--- Listed entries Enclosed Below ---

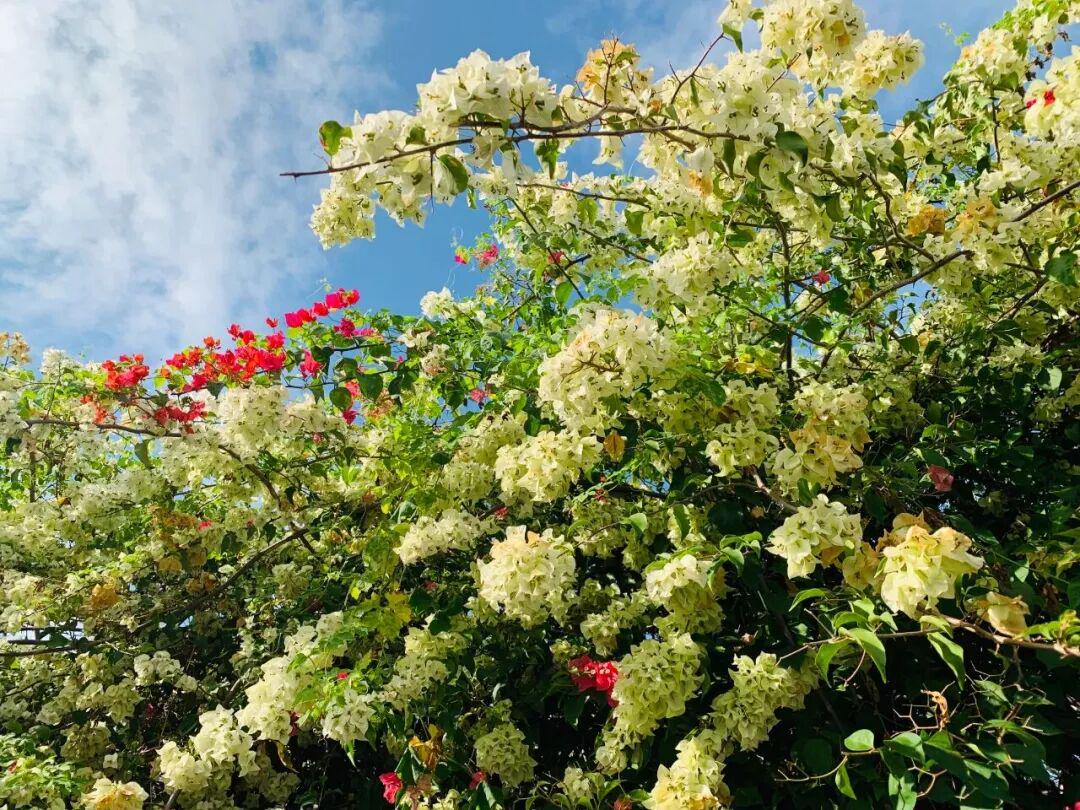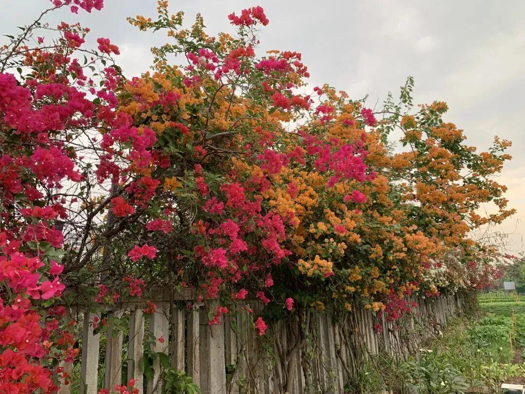 三角梅当作北海市花,每年的四、五月和十一、十二月为盛花期,在北海各条骨干谈和住户的房前屋后遍地可见。近几年,我市还把三角梅莳植到了高铁沿线,把市区的铁路打酿成了最好意思的高铁路段之一。
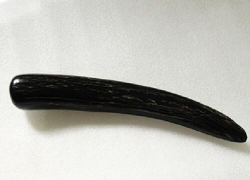 水牛かっさ棒材・長さ145m/m。黒(天然色)。専門職用。木口約23×21m/m前後・重さ約37g前後。二つの画像は同一のものです。日本製。ゆうパケット便。
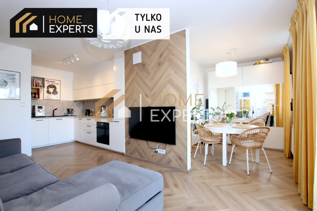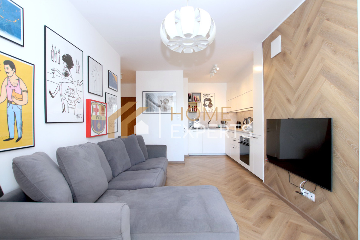 Funkcjonalne i przestronne mieszkanie o powierzchni niespełna 45m², zlokalizowane na pierwszym piętrze nowoczesnego budynku z windą, z 2019 roku, wybudowanego przez dewelopera Hossa.
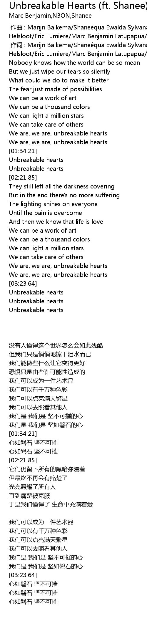 | [03:15.97] | We are, we are, unbreakable hearts |
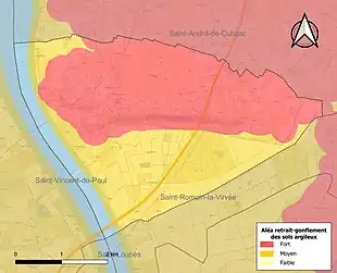Le retrait-gonflement des sols argileux est susceptible d'engendrer des dommages importants aux bâtiments en cas d’alternance de périodes de sécheresse et de pluie. 93,3 % de la superficie communale est en aléa moyen ou fort (67,4 % au niveau départemental et 48,5 % au niveau national). Sur les 1 007 bâtiments dénombrés sur la commune en 2019, 1 007 sont en aléa moyen ou fort, soit 100 %, à comparer aux 84 % au niveau départemental et 54 % au niveau national. Une cartographie de l'exposition du territoire national au retrait gonflement des sols argileux est disponible sur le site du BRGM[33],[Carte 2].
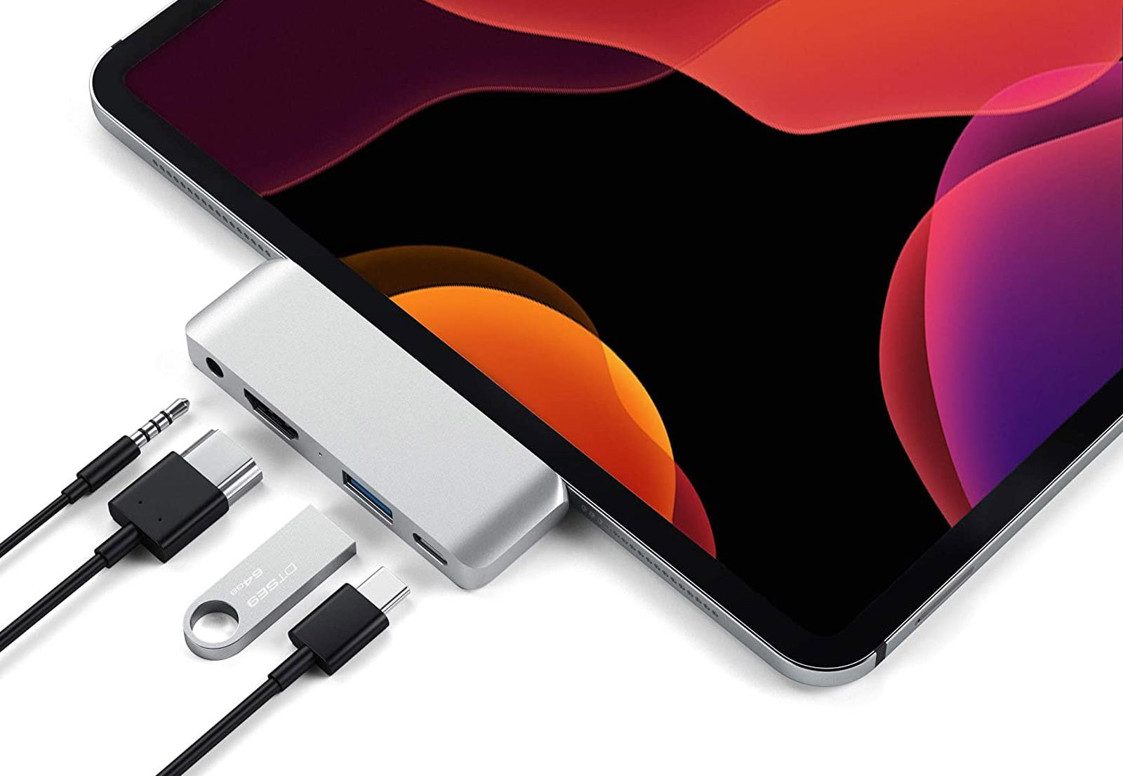 La stragrande maggioranza degli HUB USB-C sono compatibili con iPad (non sono utilizzabili solo quelli con due connettori abbinati) ma il Satechi Adattatore Tipo-C Mobile Pro, nasce proprio con in mente il tablet di Apple. Offre due porte USB-A, un jack 3,5mm per collegare delle cuffie o auricolarie una porta USB-C per la ricarica o il collegamento di un dispositivo USB-C (ma attenzione al carico sulla batteria dei dispositivi connessi alle porte USB-A). È perfetto per collegare chiavette, mouse, display eccetera. Grazie a questo accessorio potrete trasformare l’iPad in un vera e proprio computer senza molte limitazioni almeno dal punto di vista della connettività.
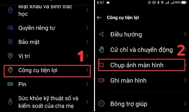 Bước 2: Tiếp theo, bạn cuộn màn hình xuống để tìm kiếm và chọn vào Công cụ tiện lợi. Sau đó, bạn chọn vào tính năng Chụp màn hình.
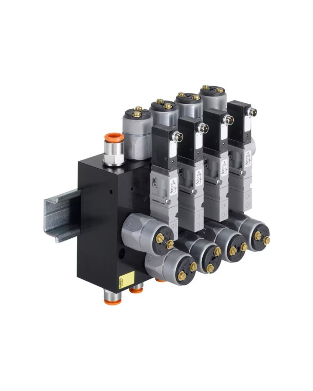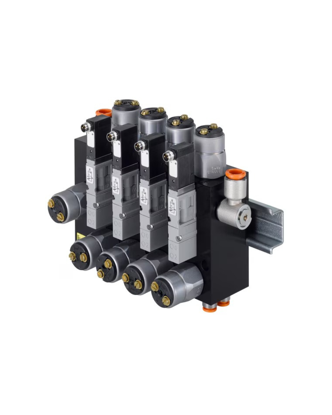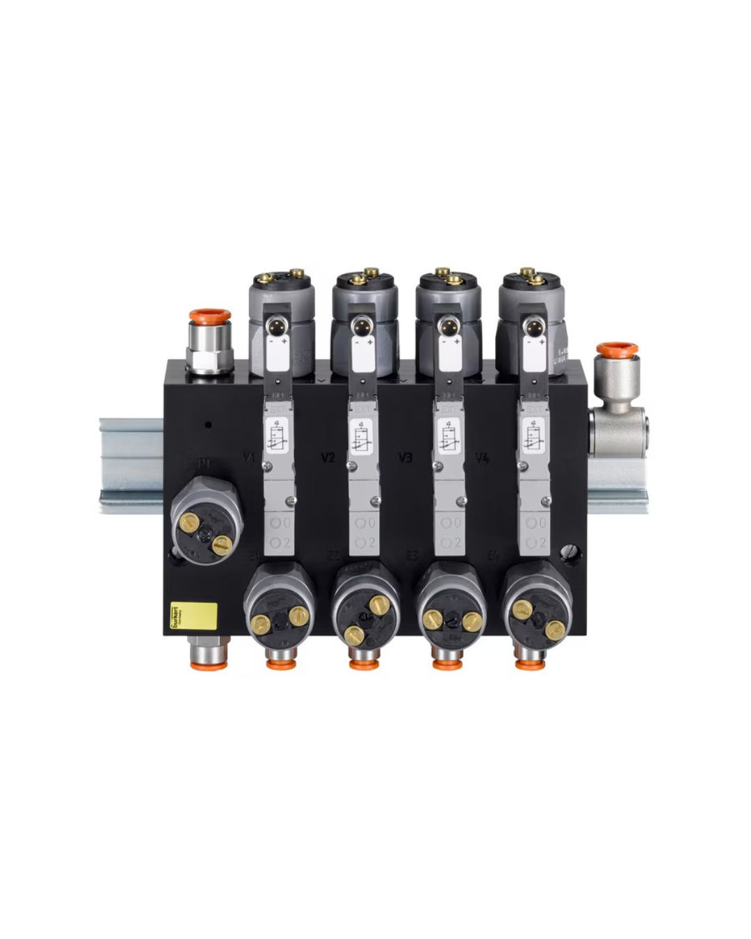 El tipo MKRS amplía la operabilidad múltiple del terminal de válvulas de tipo 8640 y el sistema de automatización de tipo 8644. De este modo se pueden establecer funciones de desconexión redundantes en combinación con los tipos de válvula neumática 6524 y 6525 para la desconexión de seguridad. Así se puede obtener una desconexión de seguridad según la directiva de máquinas EN ISO 13849 hasta el Performance Level D.
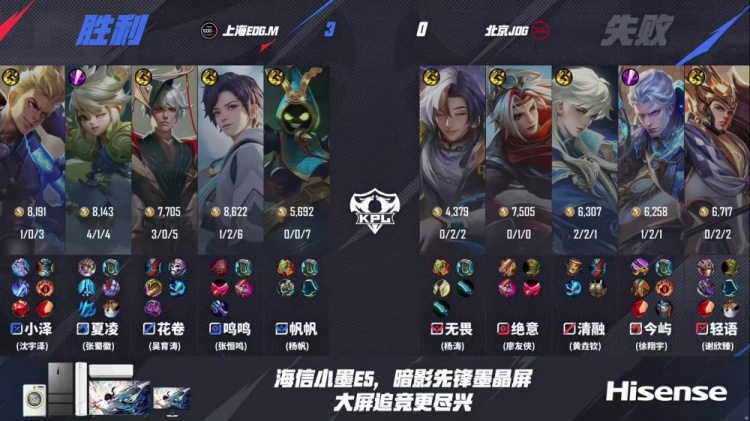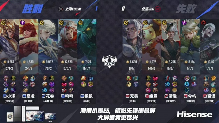 第一局:上海EDG.M 1-0 北京JDG
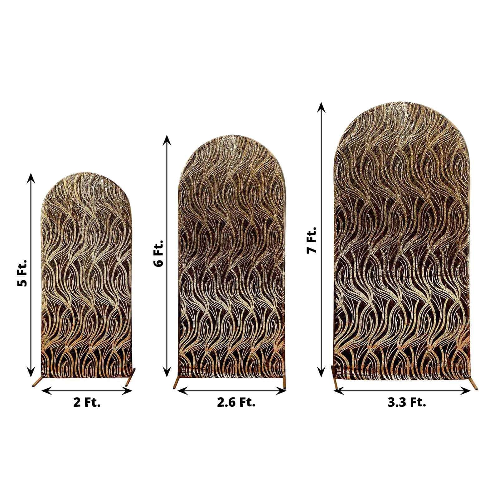 Set of 3 Black Wave Mesh Chiara Wedding Arch Covers With Gold Embroidered Sequins, Fitted Covers For Round Top Backdrop Stands - 5ft,6ft,7ft
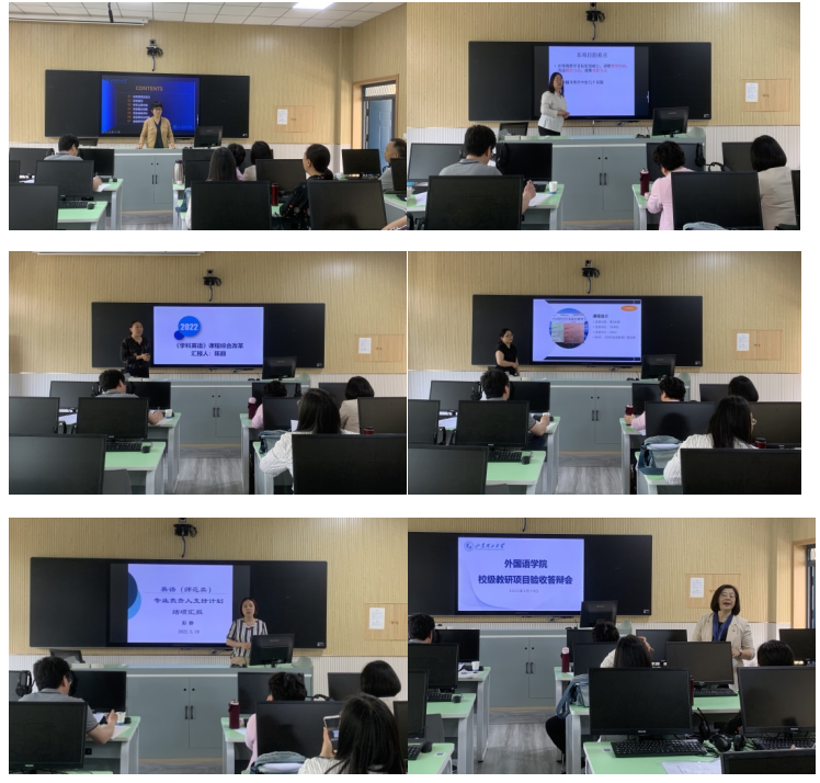 在216教室课程建设项目结项验收答辩会上,李金凤、徐秀梅、陈丽、沙仲辉、彭静5位老师依次汇报项目开展情况,她们从课程团队建设、教学大纲修订、教学方法革新、考核方式改革、课程建设成效、课程推广与应用等方面对所主持的项目进行了详细汇报,王晓华教授对课程建设项目结项汇报进行了点评。
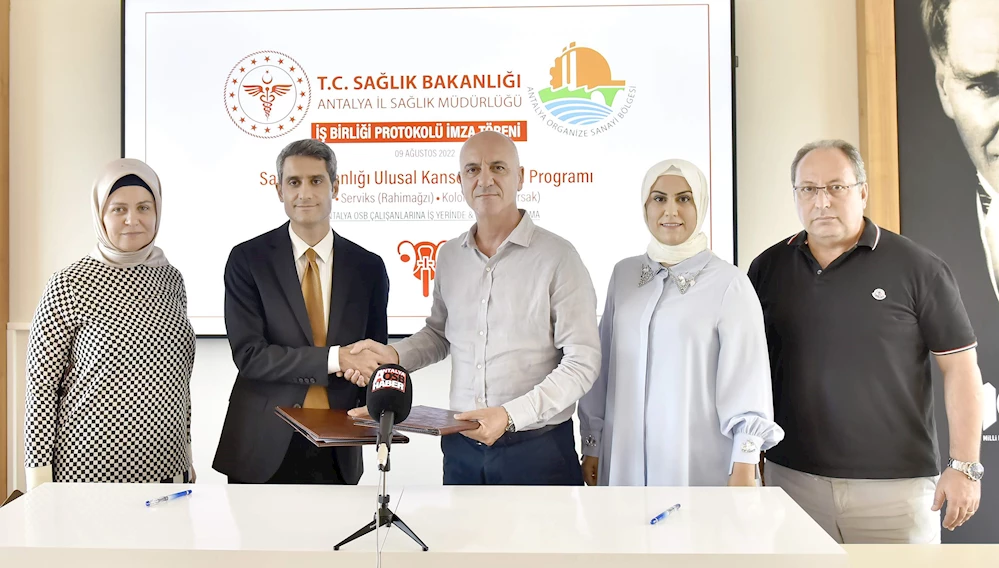 İnsan sağlığı açısından hayati öneme sahip olan protokolün imza töreni, Antalya Organize Sanayi Bölge Müdürlüğü İdari Hizmet Binasında gerçekleşti. Antalya Organize Sanayi Bölgesi Başkanı Ali Bahar ve Antalya İl Sağlık Müdürü Op. Dr. İsmail Başıbüyük ev sahipliğinde düzenlenen törende Halk Sağlığı Hizmetleri Başkanı Dr. Hacer Nur Yüce, Döşemealtı İlçe Sağlık Müdürü Dr. Duygu Türk, Antalya OSB Bölge Müdürü İlhan Metin’de hazır bulundu. Bahar ve Başıbüyük tarafından akdedilen protokol ile Döşemealtı İlçe Sağlık Müdürlüğü ekipleri, bölgedeki fabrikalar ile iletişime geçip, kanser taraması için randevu oluşturacak. Firma yetkilerinin talep ettiği gün ve saatte mobil kanser tarama aracı ile fabrika bahçesine konuşlanacak ekipler, 40-69 yaş arası kadınlara meme kanseri, 30-65 yaş arası kadınlara rahimağzı kanseri, 50-70 yaş arasındaki kadın ve erkeklere de bağırsak kanseri taraması yapacak.
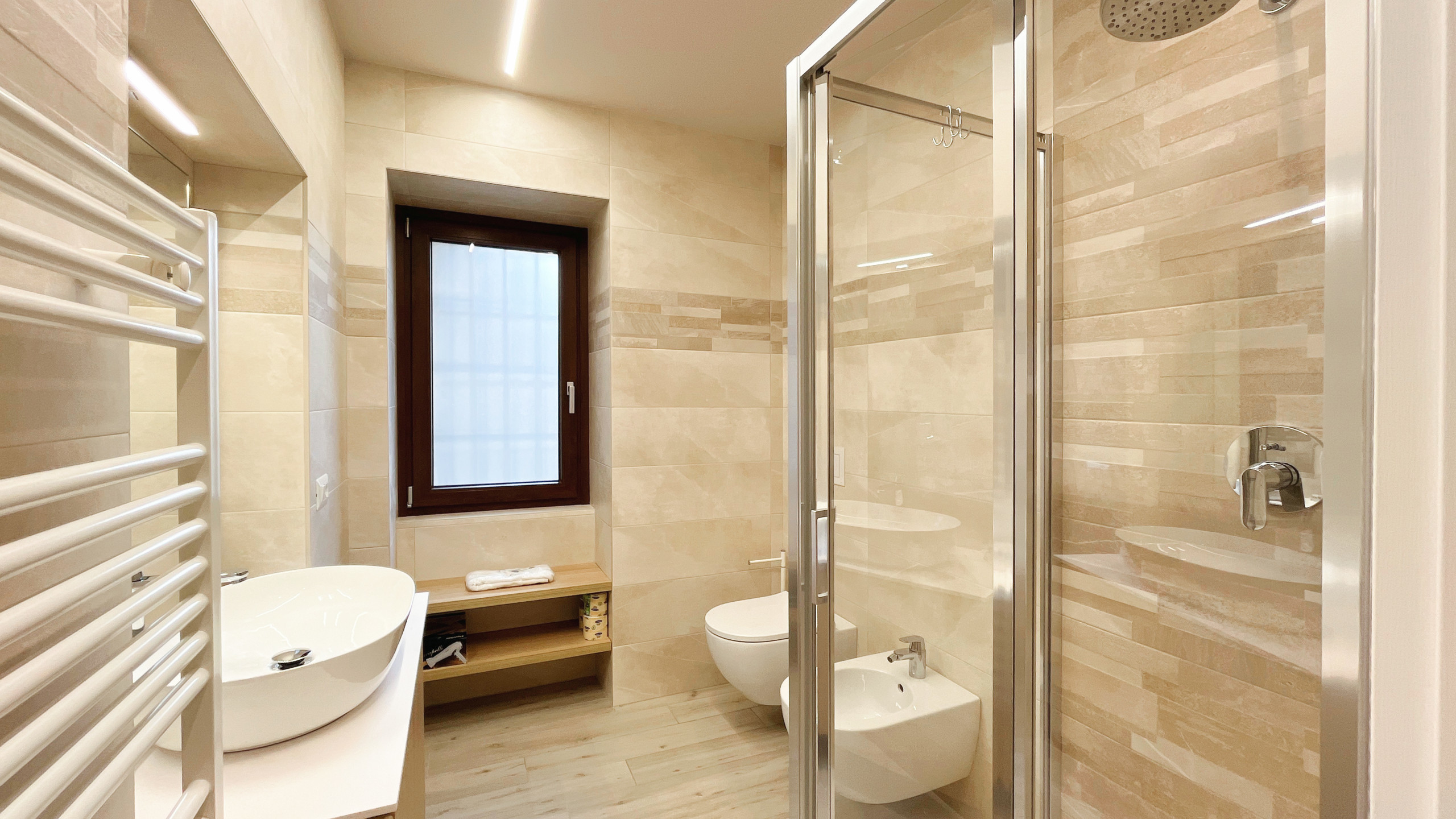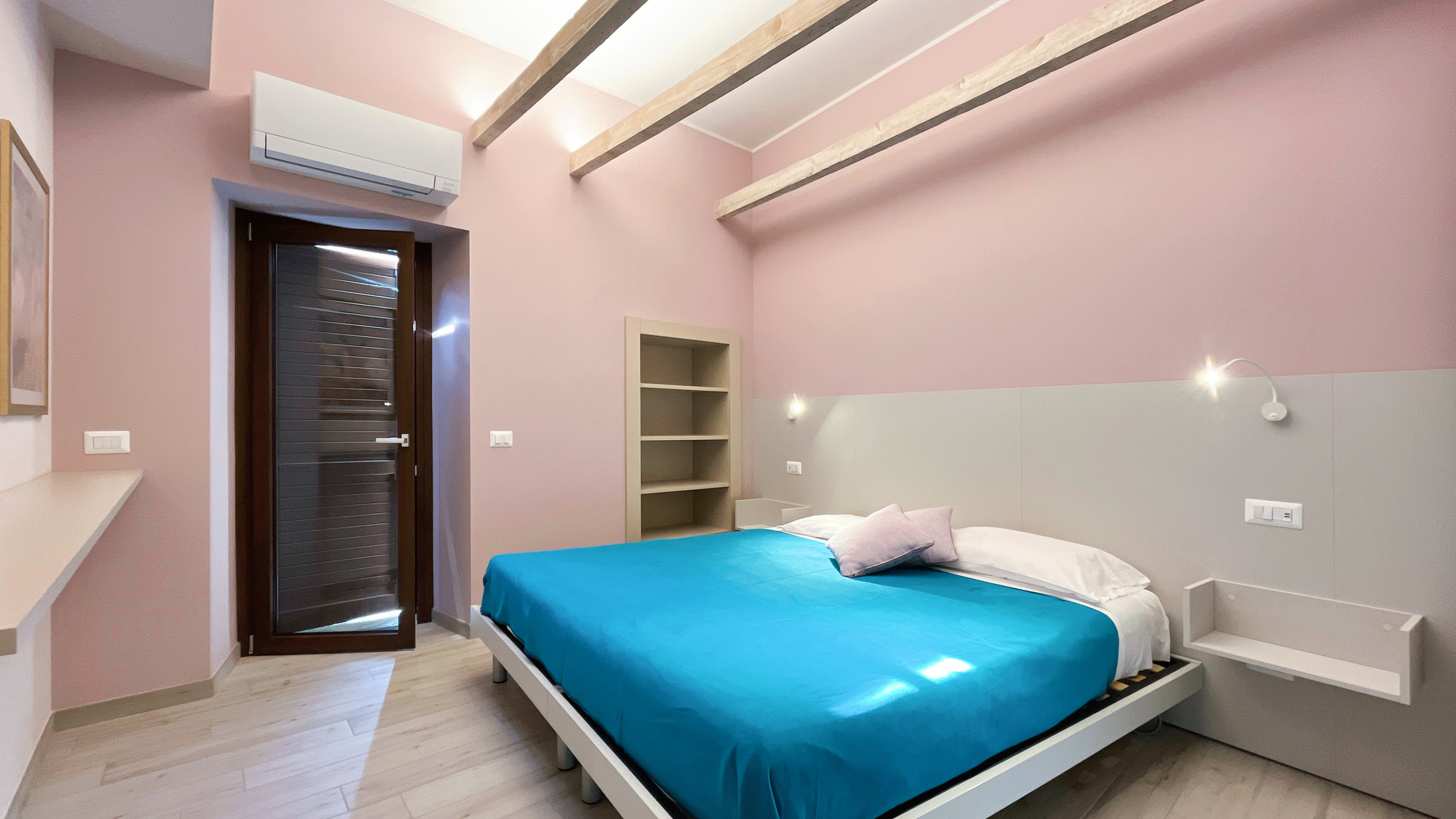 L'appartamento dispone anche di una camera matrimoniale, confortevole e ben arredata, con accesso a un piccolo balconcino privato, ideale per godersi l'aria fresca. Il bagno, moderno e pratico, è dotato di una comoda doccia.

--- End of Enclosed Listed entries ---

» What the task asks
For every entry above, write it out exactly and remove any image.

» Response area
 三角梅当作北海市花,每年的四、五月和十一、十二月为盛花期,在北海各条骨干谈和住户的房前屋后遍地可见。近几年,我市还把三角梅莳植到了高铁沿线,把市区的铁路打酿成了最好意思的高铁路段之一。
 水牛かっさ棒材・長さ145m/m。黒(天然色)。専門職用。木口約23×21m/m前後・重さ約37g前後。二つの画像は同一のものです。日本製。ゆうパケット便。
 Funkcjonalne i przestronne mieszkanie o powierzchni niespełna 45m², zlokalizowane na pierwszym piętrze nowoczesnego budynku z windą, z 2019 roku, wybudowanego przez dewelopera Hossa.
 | [03:15.97] | We are, we are, unbreakable hearts |
Le retrait-gonflement des sols argileux est susceptible d'engendrer des dommages importants aux bâtiments en cas d’alternance de périodes de sécheresse et de pluie. 93,3 % de la superficie communale est en aléa moyen ou fort (67,4 % au niveau départemental et 48,5 % au niveau national). Sur les 1 007 bâtiments dénombrés sur la commune en 2019, 1 007 sont en aléa moyen ou fort, soit 100 %, à comparer aux 84 % au niveau départemental et 54 % au niveau national. Une cartographie de l'exposition du territoire national au retrait gonflement des sols argileux est disponible sur le site du BRGM[33],[Carte 2].
 La stragrande maggioranza degli HUB USB-C sono compatibili con iPad (non sono utilizzabili solo quelli con due connettori abbinati) ma il Satechi Adattatore Tipo-C Mobile Pro, nasce proprio con in mente il tablet di Apple. Offre due porte USB-A, un jack 3,5mm per collegare delle cuffie o auricolarie una porta USB-C per la ricarica o il collegamento di un dispositivo USB-C (ma attenzione al carico sulla batteria dei dispositivi connessi alle porte USB-A). È perfetto per collegare chiavette, mouse, display eccetera. Grazie a questo accessorio potrete trasformare l’iPad in un vera e proprio computer senza molte limitazioni almeno dal punto di vista della connettività.
 Bước 2: Tiếp theo, bạn cuộn màn hình xuống để tìm kiếm và chọn vào Công cụ tiện lợi. Sau đó, bạn chọn vào tính năng Chụp màn hình.
 El tipo MKRS amplía la operabilidad múltiple del terminal de válvulas de tipo 8640 y el sistema de automatización de tipo 8644. De este modo se pueden establecer funciones de desconexión redundantes en combinación con los tipos de válvula neumática 6524 y 6525 para la desconexión de seguridad. Así se puede obtener una desconexión de seguridad según la directiva de máquinas EN ISO 13849 hasta el Performance Level D.
 第一局:上海EDG.M 1-0 北京JDG
 Set of 3 Black Wave Mesh Chiara Wedding Arch Covers With Gold Embroidered Sequins, Fitted Covers For Round Top Backdrop Stands - 5ft,6ft,7ft
 在216教室课程建设项目结项验收答辩会上,李金凤、徐秀梅、陈丽、沙仲辉、彭静5位老师依次汇报项目开展情况,她们从课程团队建设、教学大纲修订、教学方法革新、考核方式改革、课程建设成效、课程推广与应用等方面对所主持的项目进行了详细汇报,王晓华教授对课程建设项目结项汇报进行了点评。
 İnsan sağlığı açısından hayati öneme sahip olan protokolün imza töreni, Antalya Organize Sanayi Bölge Müdürlüğü İdari Hizmet Binasında gerçekleşti. Antalya Organize Sanayi Bölgesi Başkanı Ali Bahar ve Antalya İl Sağlık Müdürü Op. Dr. İsmail Başıbüyük ev sahipliğinde düzenlenen törende Halk Sağlığı Hizmetleri Başkanı Dr. Hacer Nur Yüce, Döşemealtı İlçe Sağlık Müdürü Dr. Duygu Türk, Antalya OSB Bölge Müdürü İlhan Metin’de hazır bulundu. Bahar ve Başıbüyük tarafından akdedilen protokol ile Döşemealtı İlçe Sağlık Müdürlüğü ekipleri, bölgedeki fabrikalar ile iletişime geçip, kanser taraması için randevu oluşturacak. Firma yetkilerinin talep ettiği gün ve saatte mobil kanser tarama aracı ile fabrika bahçesine konuşlanacak ekipler, 40-69 yaş arası kadınlara meme kanseri, 30-65 yaş arası kadınlara rahimağzı kanseri, 50-70 yaş arasındaki kadın ve erkeklere de bağırsak kanseri taraması yapacak.
 L'appartamento dispone anche di una camera matrimoniale, confortevole e ben arredata, con accesso a un piccolo balconcino privato, ideale per godersi l'aria fresca. Il bagno, moderno e pratico, è dotato di una comoda doccia.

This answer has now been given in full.